Anti-Thrombotic ASA Effects

Antithrombotic effect of ASA is due to the inhibition of platelets’ function by acetylation of the COX-1 at the functionally important amino acid serine 529. On the other hand, the COX-1 acetylation inhibits TXA-2, a stimulator of platelet reactivity.[18] This inhibition results in anti-thrombotic effect, able to prevent thrombosis on the arterial walls.[19] Most intensively, ASA is employed against arterial thrombosis, while it is not commonly used in venous thrombosis. Nevertheless concerning this topic, some trials (WARFASA, ASPIRE and a recent meta-analysis) evidenced that ASA also reduces venous thrombosis without significantly increasing the risk of bleeding.[20-22] Really, the most common pro-coagulative event happening in COVID-19 is venous thromboembolism (VTE), while arterial thrombosis seems to have a minor incidence.[23] Some reports also referred on microangiopathies, characterized by microangiopathic hemolytic anemia, thrombocytopenia and organ damage, such as neurological, renal and cardiac dysfunction.[24,25] It must be also added that pro-coagulation in COVID-19 patients is evidenced by the laboratory findings, showing a thrombocytopenia and an increased D-dimer levels.[26]

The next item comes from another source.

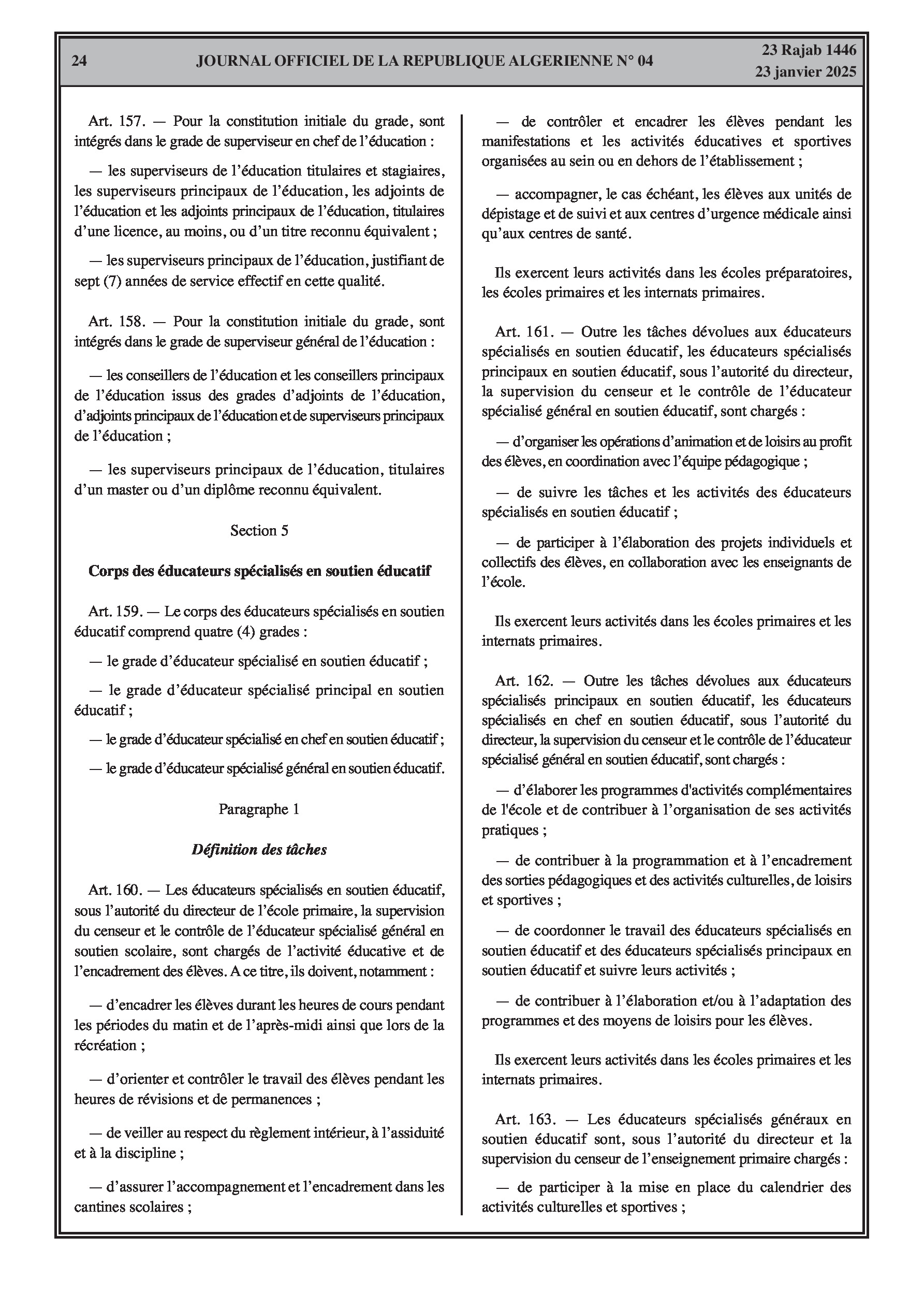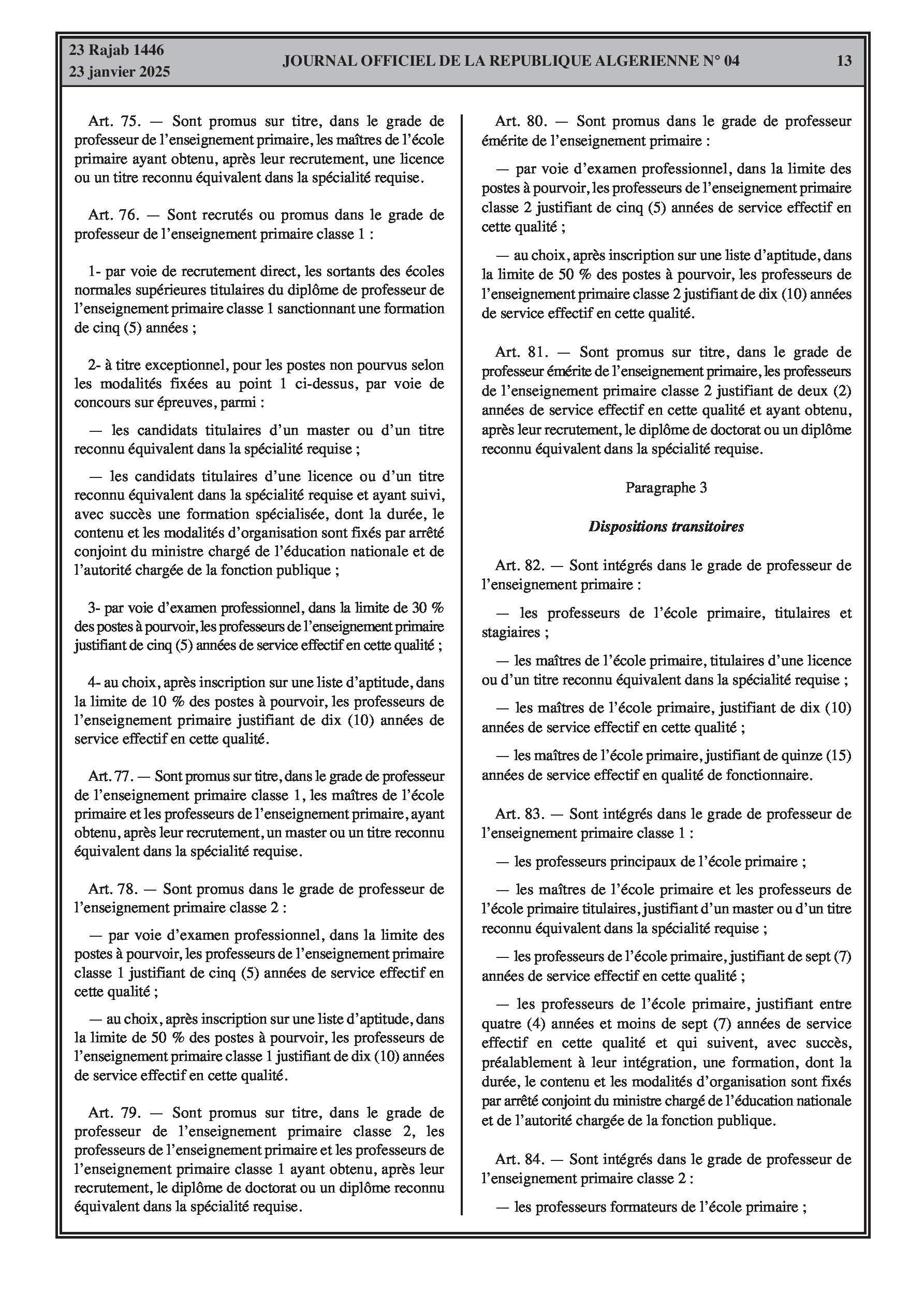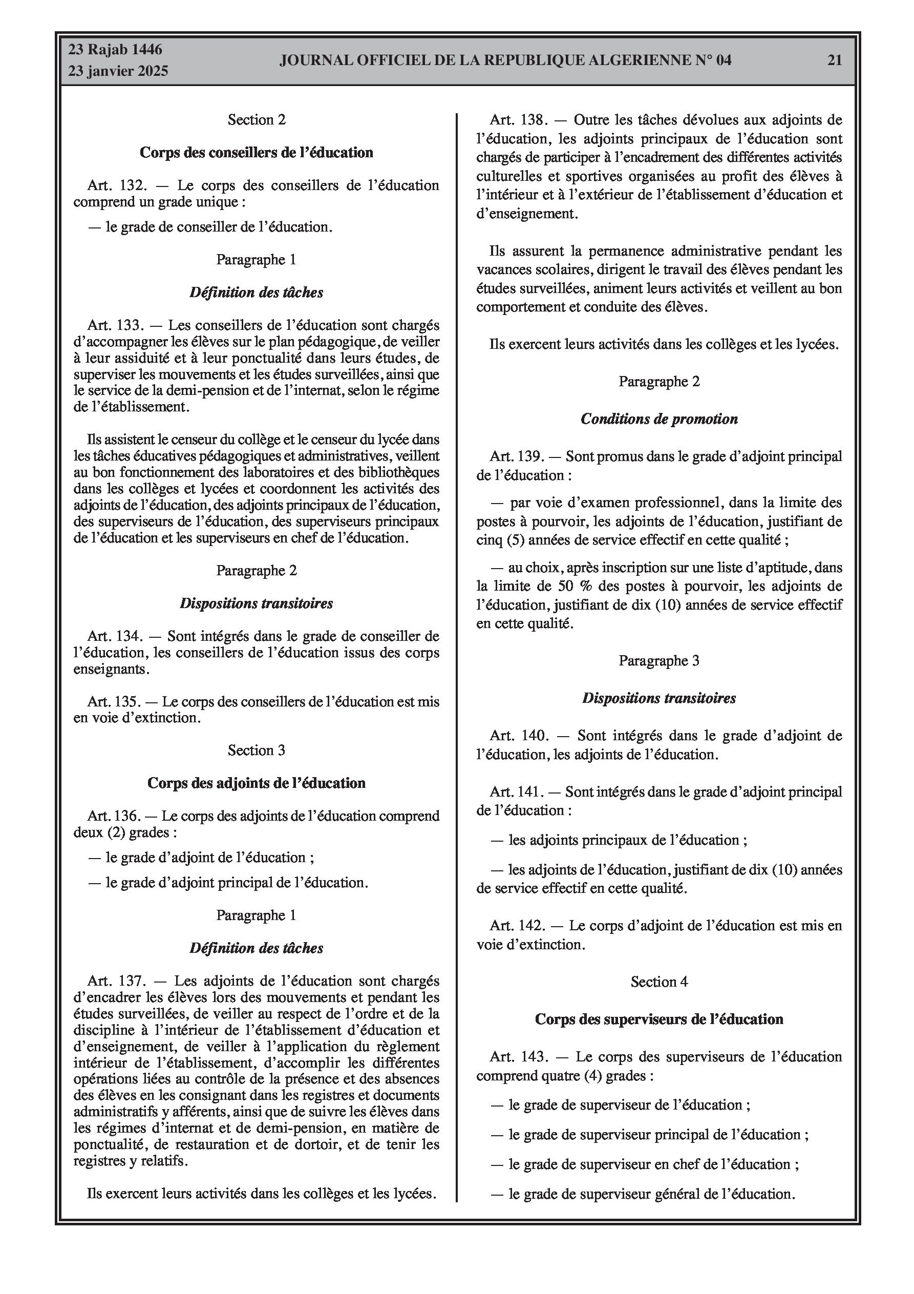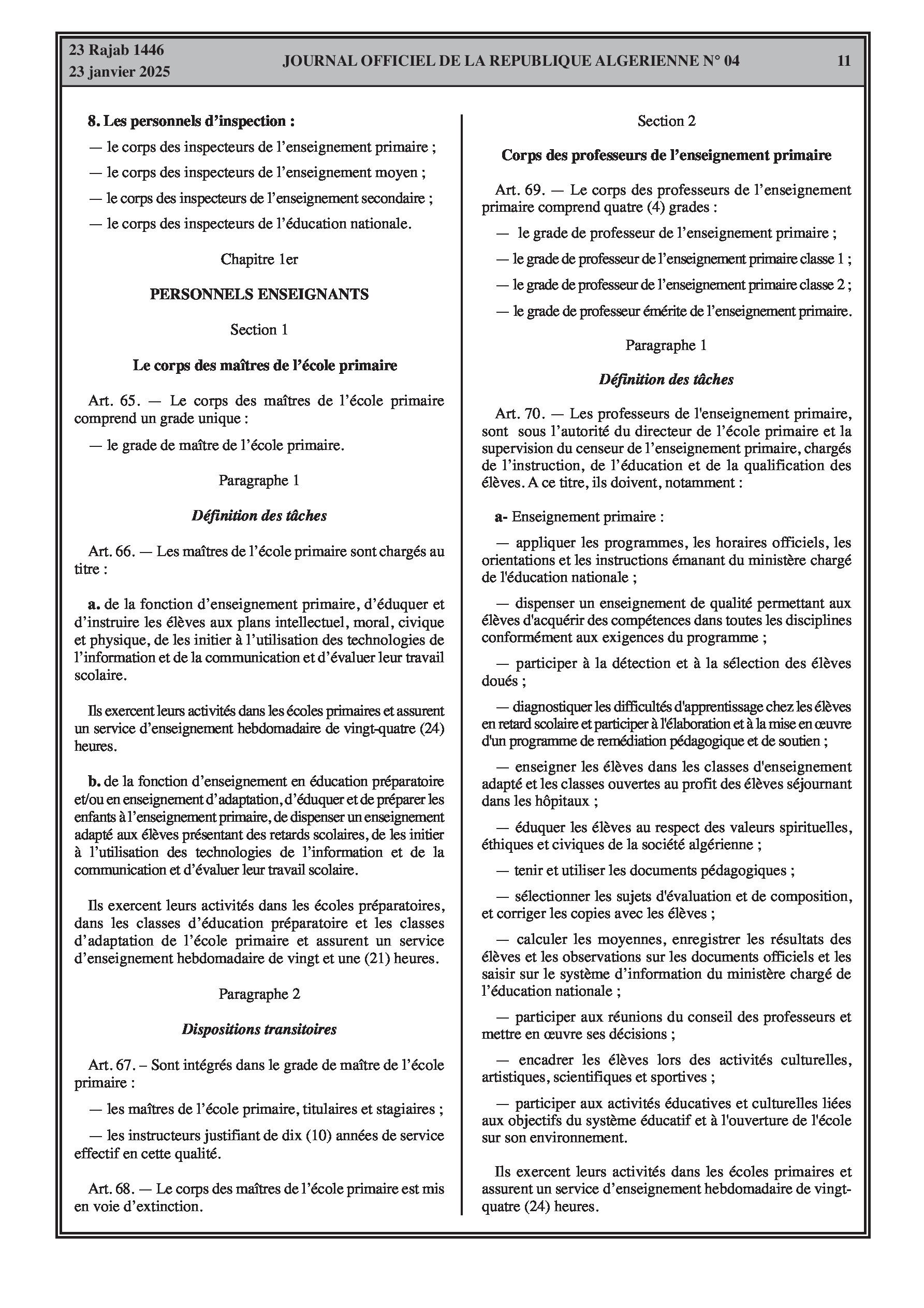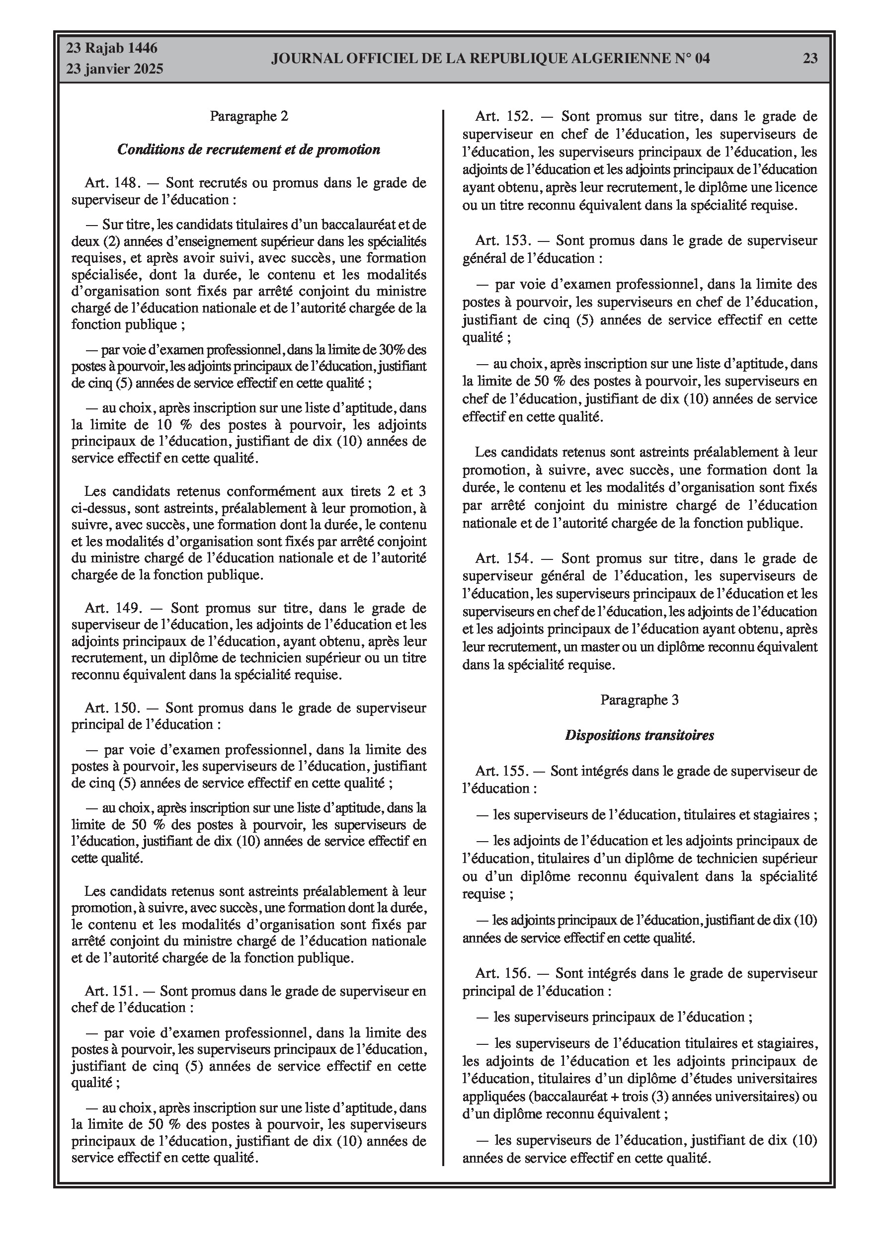 - Décret exécutif n° 25-54 : Définit le nouveau statut particulier applicable aux fonctionnaires des corps spécifiques de l'éducation nationale (enseignants, personnels d'éducation, d'orientation, de laboratoire, d'alimentation scolaire, d'intendance, de direction des établissements, et d'inspection). Détaille les droits et obligations, conditions de recrutement et de promotion, formation, évaluation, mobilité, régime disciplinaire, et procédures d'intégration des personnels actuels. Comprend également la classification de tous les grades et la bonification indiciaire des postes supérieurs (Pages 3-43).

In Figure 3, the mechanism through COVID-19 induces both arterial and venous thrombi are illustrated.

Figure 3.

Events following the infection with COVID-19. Inhibition of arterial and venous thrombosis induced by low doses ASA.

Conclusive Remarks

Contrarily to the multiple effects (anti-inflammatory, analgesic, anti-pyretic anti-thrombotic and antiviral action against DNA and RNA viruses) obtained with high ASA doses, low doses have antithrombotic and anti-inflammatory effects only.[7] Consequently, adult individuals receiving low ASA doses and nowadays affected by SARS-CoV-2, could be protected against possible inflammatory and thrombotic complications. To confirm this hypothesis, a retrospective, observational study performed by the Researches of the Maryland University (US) demonstrated that hospitalized COVID-19 patients who were taking a daily low-dose Aspirin in secondary prevention for CVD had a significantly lower risk of inflammatory and coagulative events compared to those not taking Aspirin.[27] Concerning that, in the near future, the RECOVERY II (Randomized Evaluation of COVID-19 thERapY II) trial will be performed to test the effectiveness of low dose Aspirin as anti-inflammatory and antithrombotic drug in the treatment of patients with COVID-19.

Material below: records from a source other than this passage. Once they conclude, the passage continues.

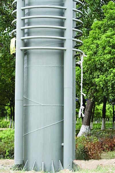 记者注意到,爬上高炮可不是件容易的事,由于专业工人登上高炮安装广告是爬固定扶梯登上去的,可最后一阶扶梯距离地面有两米多高,正常人够不到。该男子是用一个绳子拴在最后一阶扶梯上,拽着绳子爬上梯子,然后顺着梯子往上爬。
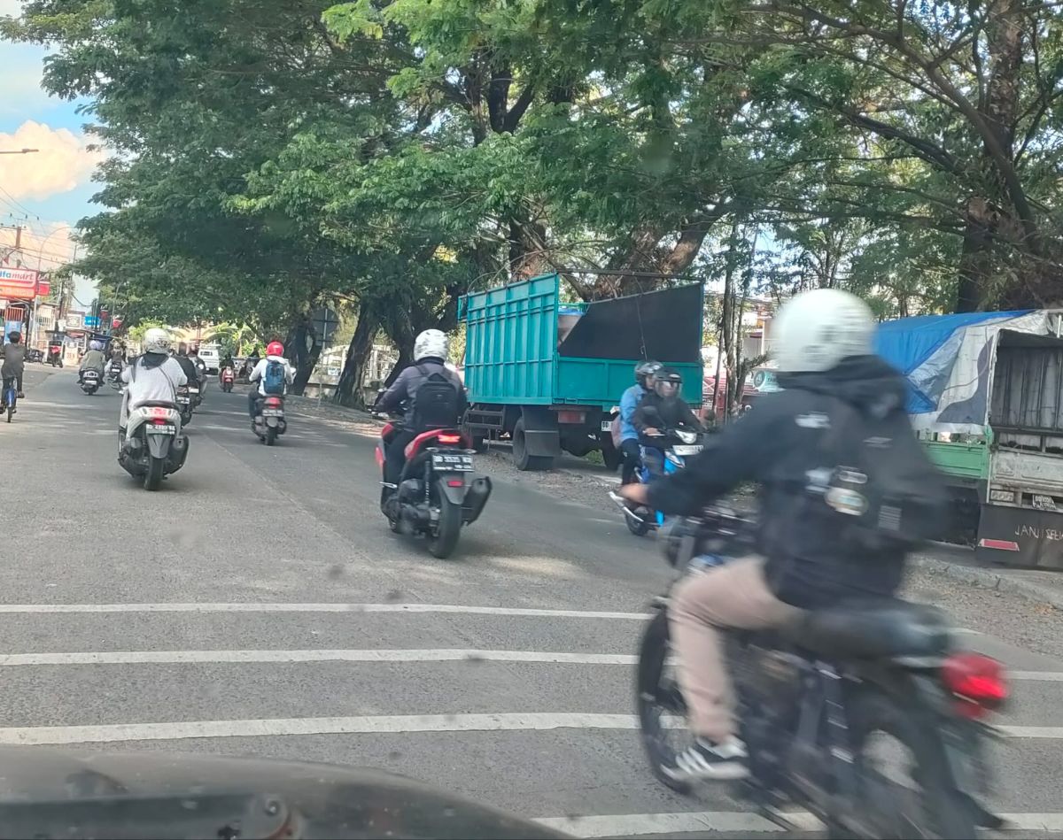 “Mereka itu hanya takut pada Polisi, bukan pada aturan lalu lintas,” kata salah seorang pengguna jalan pada poros itu.
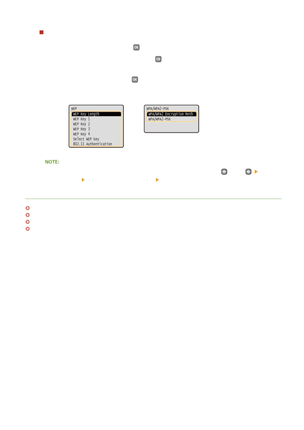 ● <Wireless LAN Status> and <Latest Error Information> can be viewed from . Press <Network
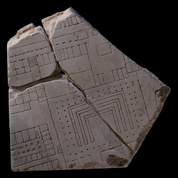 | Description This group of fragments constituted the corner of a slab; three clamp holes are visible. A horizontal street traverses the top of the fragments. It is flanked above by a row of small tabernae. Below, a wall separates the street from the architecture below (D. Reynolds [1996, fig. 3.32] suggests this line denotes a sidewalk, not a wall). Beyond this line, and parallel to it, lies an arcade. To the right, the arcade is blocked by a small room. Behind the arcade and facing it is a row of tabernae, separated in the middle by a long, stepped ramp. The shops on the left of the ramp have back rooms, and back onto what seems to be another row of shops with back rooms; those on the right are plain and back onto a large, rectangular space, perhaps open, which is divided into three compartments. To the right of this space lies a large building, accessed only through a small opening in the upper left corner. In the back, six irregularly sized rooms face the center of the building. Two larger rectangles with two smaller square features right next to them are placed in the center and towards the front of the building. Behind this secluded building, and occupying most of the lower right corner of the fragment group, lies a large porticoed structure. Its only access seems to be through a small opening in the upper right corner. A colonnade, double except along the bottom, surrounds three clamp-shaped features in the center of the building. These open up towards the bottom. A row of small rooms on the left and an elongated feature on the right, barely preserved, face the single colonnade at the bottom. The bottom left corner of the fragment group is a large, open space in which a partial building is visible. The long ramp seems to connect this open space to the arcade at top. Another set of stairs, placed along the right wall of this space, perhaps provided access to the top of the porticoed building to the right. The partially visible structure in this open space consists of three rows of rooms that face inwards towards a central, narrow courtyard lined with columns. These columns are rendered with recessed squares. The corner of another building, perhaps similar, is visible in the lower left corner of the fragment.

Fruthermore, Hydroxy-Methyl-Glutaryl-Coenzyme A reductases (Statins) are other drugs frequently employed in CVD patients, to reduce dyslipidemia.[28] Nevertheless, they also could supply some beneficial effects against the complications of COVID-19. These favorable effects depend on their pleiotropic actions, such as anti-thrombotic, anti-inflammatory, anti-oxidative effects and improvement of endothelial dysfunction. Moreover, Statins also induce the upregulation of Angiotensin-Converting Enzyme (ACE)-2 receptor, used for cellular entry of the coronavirus.[29,30] These beneficial results were confirmed by a recent, retrospective study. But in this case, the higher severity of COVID-19 patients due to the CV comorbidities and treated with statin therapy, frustrated the supposed favorable effects.[31]

Nevertheless, these observations on Aspirin at low doses (with or without Statins) about the favorable effects on the complications of COVID-19 could be confirmed by further studies performed in a wide range.